The required output is the stretch from the line containing "Система охлаждения платы" through the line containing "Молодая беременная женщина делает йогу дома" in the records below, unaltered and with no pictures.

======== Data supplied

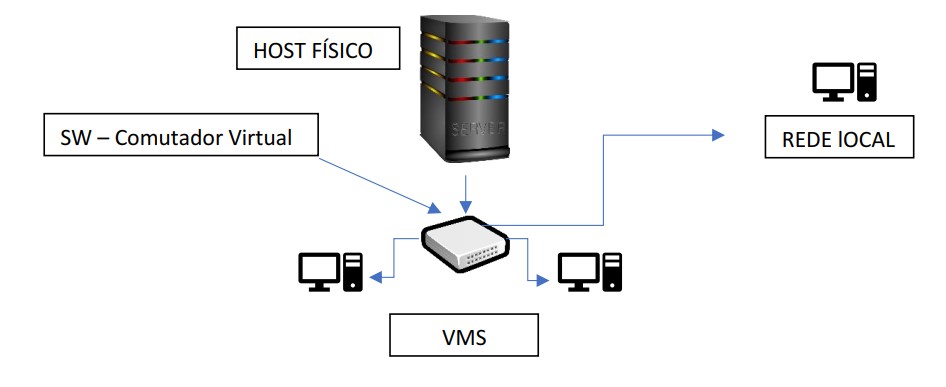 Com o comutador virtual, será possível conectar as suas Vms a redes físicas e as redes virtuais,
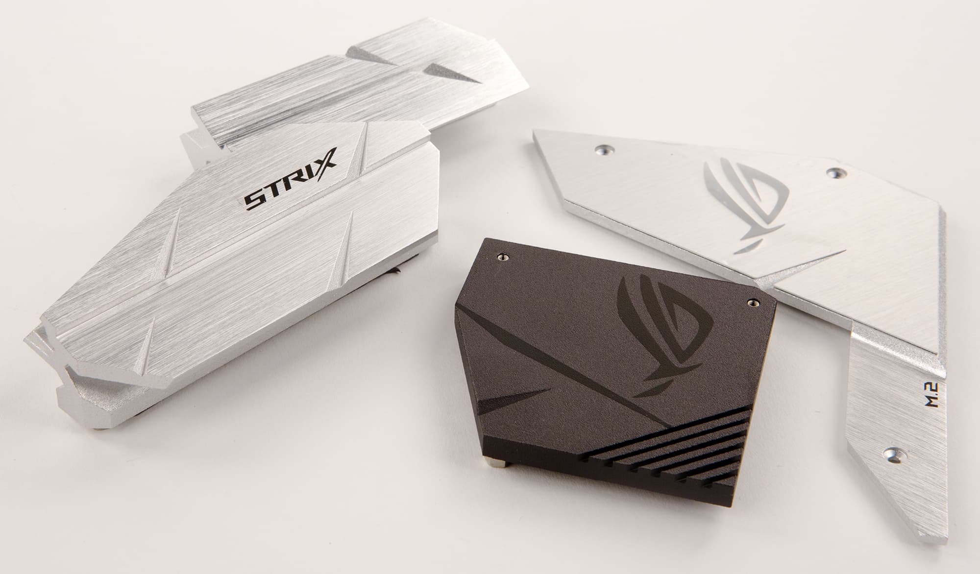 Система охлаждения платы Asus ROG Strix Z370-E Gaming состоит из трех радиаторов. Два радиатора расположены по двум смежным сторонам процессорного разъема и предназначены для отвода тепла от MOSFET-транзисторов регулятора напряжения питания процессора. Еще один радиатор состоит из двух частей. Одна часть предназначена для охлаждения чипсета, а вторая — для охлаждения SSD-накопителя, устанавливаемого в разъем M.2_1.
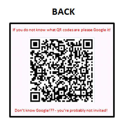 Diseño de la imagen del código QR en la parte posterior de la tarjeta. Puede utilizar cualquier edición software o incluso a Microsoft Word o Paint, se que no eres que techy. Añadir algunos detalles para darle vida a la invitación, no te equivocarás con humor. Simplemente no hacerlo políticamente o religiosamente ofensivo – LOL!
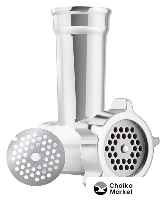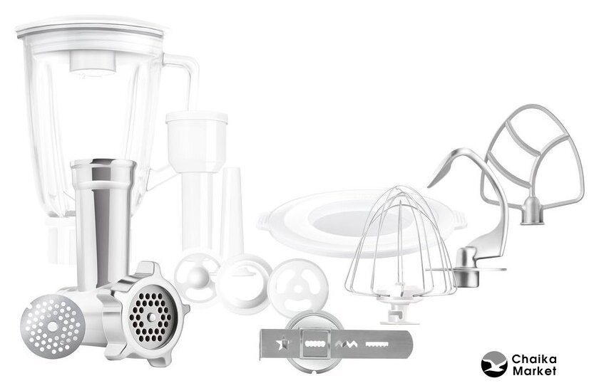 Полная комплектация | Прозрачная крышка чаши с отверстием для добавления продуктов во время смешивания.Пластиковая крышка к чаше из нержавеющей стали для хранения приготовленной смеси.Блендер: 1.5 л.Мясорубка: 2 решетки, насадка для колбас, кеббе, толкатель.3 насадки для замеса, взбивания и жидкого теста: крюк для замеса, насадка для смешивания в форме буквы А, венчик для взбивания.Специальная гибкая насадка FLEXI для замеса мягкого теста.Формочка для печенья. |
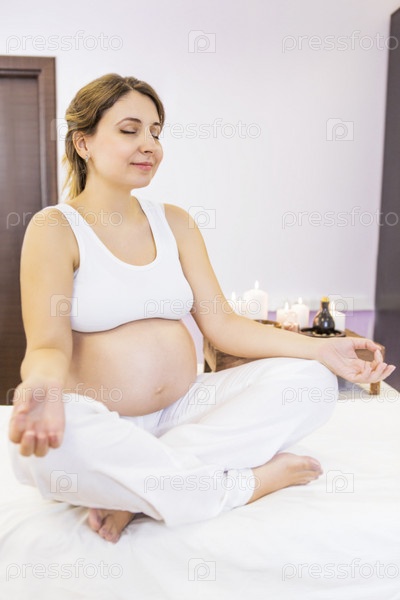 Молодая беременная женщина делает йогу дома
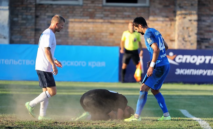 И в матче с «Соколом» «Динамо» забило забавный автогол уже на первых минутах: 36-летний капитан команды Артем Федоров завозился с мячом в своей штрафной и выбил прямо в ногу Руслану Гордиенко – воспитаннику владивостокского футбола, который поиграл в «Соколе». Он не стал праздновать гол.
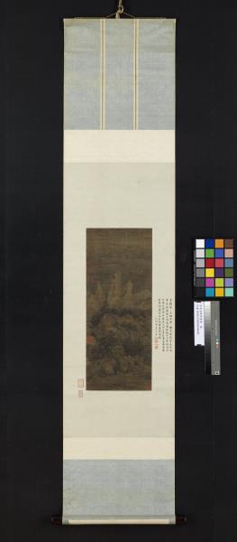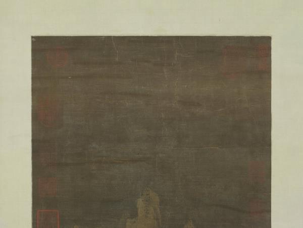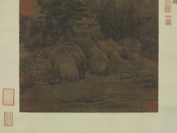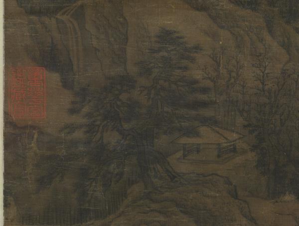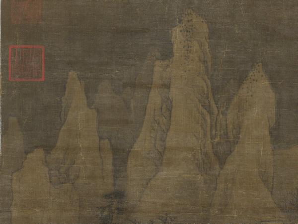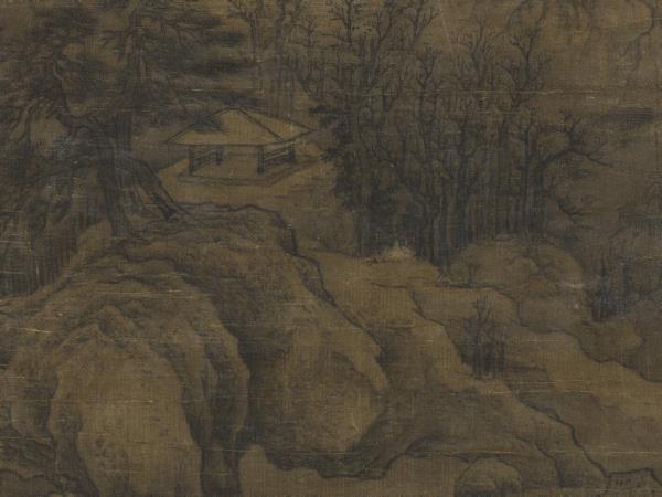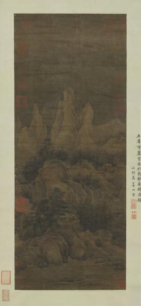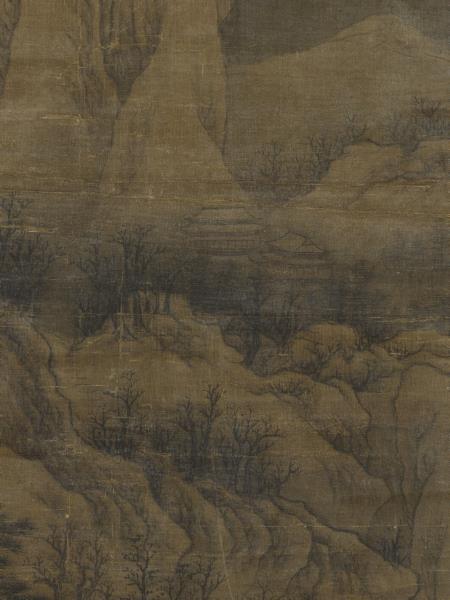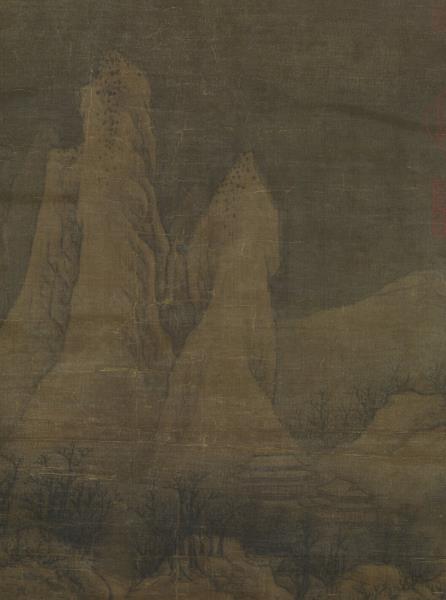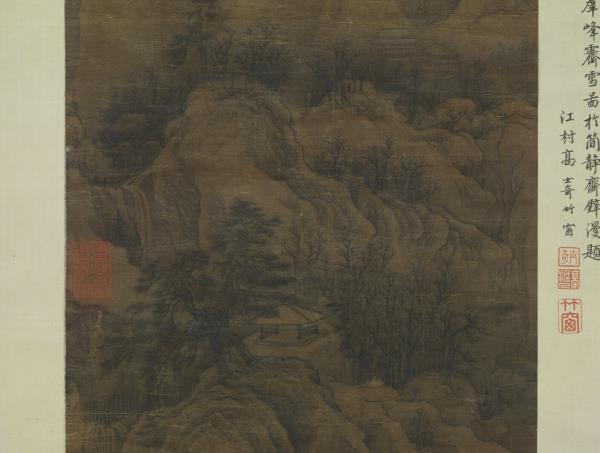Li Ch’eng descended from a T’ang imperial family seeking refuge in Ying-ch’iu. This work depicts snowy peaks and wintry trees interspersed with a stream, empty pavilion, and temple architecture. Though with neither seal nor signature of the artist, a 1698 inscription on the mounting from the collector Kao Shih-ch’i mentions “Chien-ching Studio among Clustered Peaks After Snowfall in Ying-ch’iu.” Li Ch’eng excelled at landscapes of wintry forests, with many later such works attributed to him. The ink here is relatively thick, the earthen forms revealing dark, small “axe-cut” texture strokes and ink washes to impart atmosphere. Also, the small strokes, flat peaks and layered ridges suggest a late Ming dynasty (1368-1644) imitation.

================

= Task answer =
 Система охлаждения платы Asus ROG Strix Z370-E Gaming состоит из трех радиаторов. Два радиатора расположены по двум смежным сторонам процессорного разъема и предназначены для отвода тепла от MOSFET-транзисторов регулятора напряжения питания процессора. Еще один радиатор состоит из двух частей. Одна часть предназначена для охлаждения чипсета, а вторая — для охлаждения SSD-накопителя, устанавливаемого в разъем M.2_1.
 Diseño de la imagen del código QR en la parte posterior de la tarjeta. Puede utilizar cualquier edición software o incluso a Microsoft Word o Paint, se que no eres que techy. Añadir algunos detalles para darle vida a la invitación, no te equivocarás con humor. Simplemente no hacerlo políticamente o religiosamente ofensivo – LOL!
 Полная комплектация | Прозрачная крышка чаши с отверстием для добавления продуктов во время смешивания.Пластиковая крышка к чаше из нержавеющей стали для хранения приготовленной смеси.Блендер: 1.5 л.Мясорубка: 2 решетки, насадка для колбас, кеббе, толкатель.3 насадки для замеса, взбивания и жидкого теста: крюк для замеса, насадка для смешивания в форме буквы А, венчик для взбивания.Специальная гибкая насадка FLEXI для замеса мягкого теста.Формочка для печенья. |
 Молодая беременная женщина делает йогу дома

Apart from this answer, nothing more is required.